To increase the efficiency of TinyML, Han and his colleagues from EECS and the MIT-IBM Watson AI Lab analyzed how memory is used on microcontrollers running various convolutional neural networks (CNNs). CNNs are biologically inspired models after brain neurons and are often applied to assess and identify visual features in imagery, such as a person walking in a video image. In their study, they discovered an imbalance in memory usage, causing front loading on the computer chip and creating a bottleneck. By developing a new inference technique and neural architecture, the team mitigated the problem and reduced peak memory usage by four to eight times.

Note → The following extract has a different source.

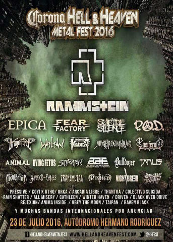La quinta edición del Corona Hell and Heaven Fest que se realizará el próximo sábado 23 de julio de 2016 en La Curva 4 del Autódromo Hermanos Rodríguez tendrá un cartel excepcional con lo mejor de la música con grandes agrupaciones como Rammstein, Twisted Sister, Five Finger Death Punch, Ghost, Epica, Amon Amarth, Behemoth, Sepultura, Fear Factory, Suicide Silence, P.O.D., Dragonforce, Mushroomhead, Suicidal Tendencies, Suffocation, Ensiferum, A.N.I.M.A.L., Voivod, Dying Fetus, Alien Ant Farm, Bulldozer, Koyi K Utho y Pinhed, entre otros.

Additionally, the team deployed it on its own tinyML vision system, equipped with a camera and capable of detecting humans and objects, creating its next generation, dubbed MCUNetV2. Compared to other machine learning methods running on microcontrollers, MCUNetV2 has outperformed them with high sensing accuracy, opening doors to additional vision applications not previously possible.

The results will be presented in a paper at the Neural Information Processing Systems (NeurIPS) conference this week. The team includes Han, lead author and graduate student Ji Lin, postdoc Wei-Ming Chen, graduate student Han Cai, and MIT-IBM Watson AI Lab research scientist Chuang Gan.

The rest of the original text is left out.